Peptide nanostructures that punch holes in cancer cells are 'the first step towards efficient nanochemotherapeutics,' say chemists in Canada.
Normand Voyer and colleagues at the University of Laval in Québec have designed a series of modified peptide nanostructures that can puncture cancer cell membranes, leading to the cells' death.
Basing their structures on a membrane-disrupting peptide they had made previously, the researchers engineered analogues that would be selective for cancer cells. The engineered peptides are inactive until they reach cancer cell surfaces where they convert into an active cell membrane disruption agent.

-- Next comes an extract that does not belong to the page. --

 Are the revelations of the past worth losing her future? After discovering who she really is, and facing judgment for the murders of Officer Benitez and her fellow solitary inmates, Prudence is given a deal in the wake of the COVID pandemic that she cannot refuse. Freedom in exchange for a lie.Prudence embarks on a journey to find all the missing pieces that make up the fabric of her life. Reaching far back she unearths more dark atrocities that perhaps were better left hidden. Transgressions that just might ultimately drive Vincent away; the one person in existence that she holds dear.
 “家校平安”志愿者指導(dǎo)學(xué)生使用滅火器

Since the enzyme that activates the peptides is over-expressed in prostate cancer cells, normal cells do not activate the peptide to the same extent, leading to the peptides' selectivity.

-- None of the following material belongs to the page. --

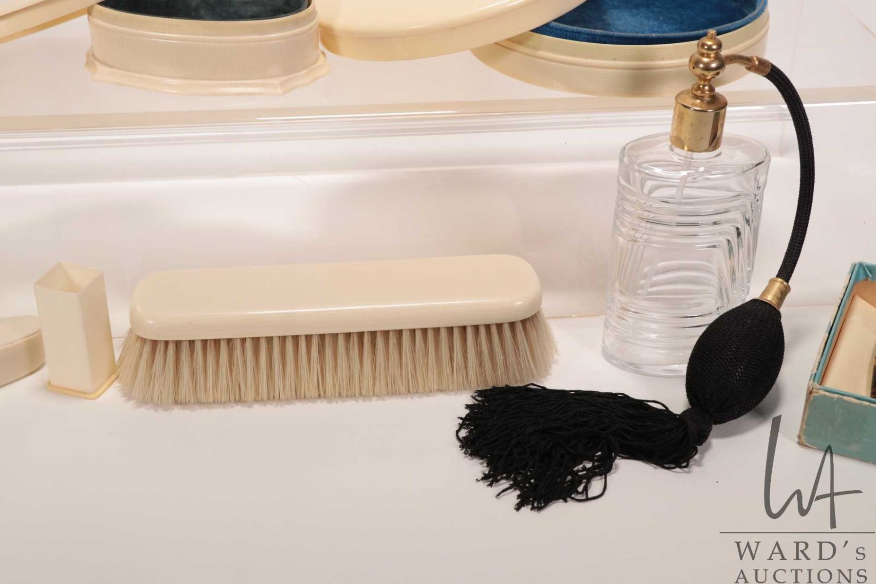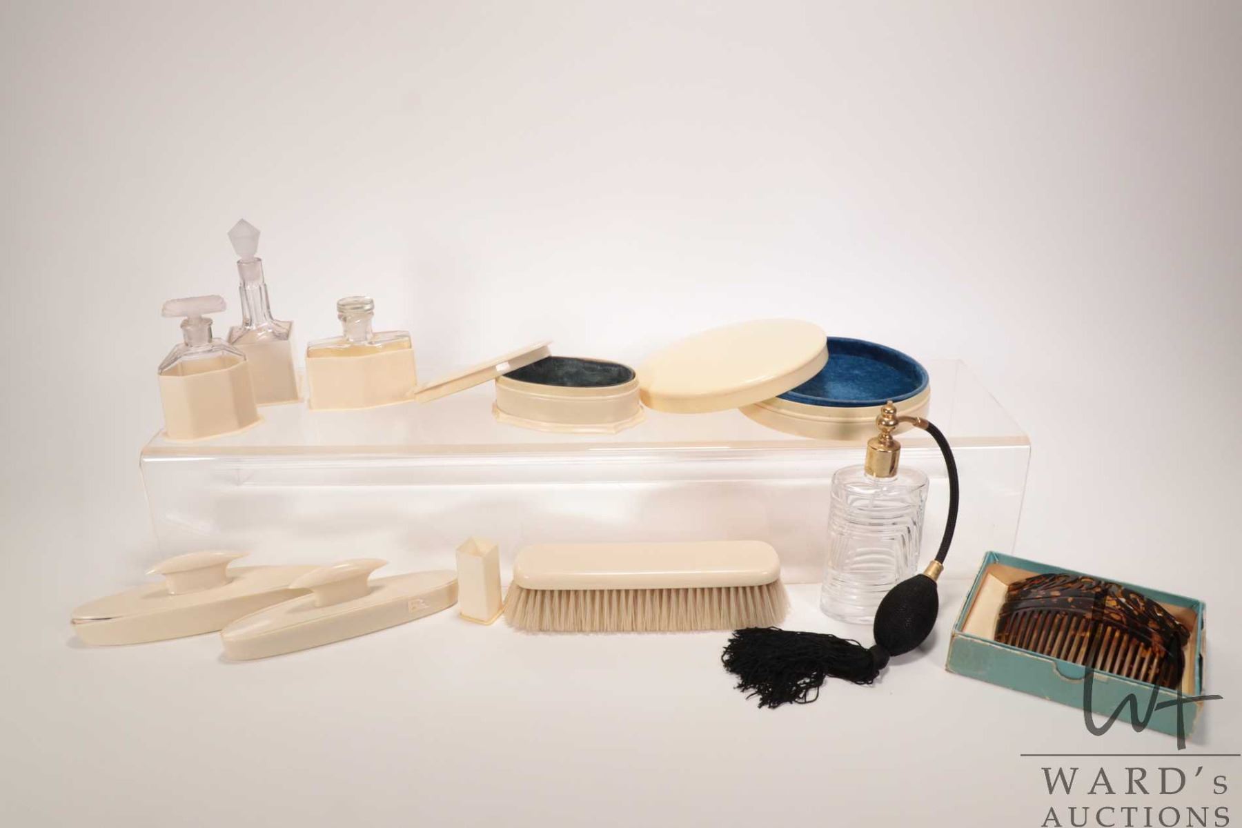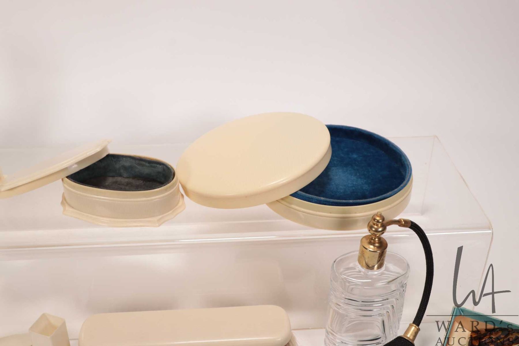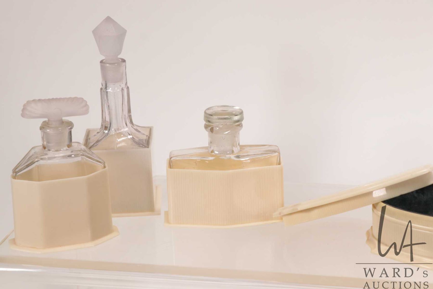Selection of antique French ivory dresser pieces including perfumes bottles, nail buffers, jewel box

When cancer cells (left) are treated with peptide nanostructures their cell membranes are destroyed (right) |
Vincent Rotello, an expert in the supramolecular chemistry of biological and materials systems at the University of Massachusetts, Amherst, US, is enthusiastic about the findings. 'While enzymatic activation has been used before for therapeutics,' he says, 'this peptide-based scaffold has great promise due to the modular nature of its construction.' This is because the amino acid building blocks used to assemble the peptides can be readily varied, which provides 'incredible control over the structure and dynamics of the eventual therapeutics,' Rotello adds.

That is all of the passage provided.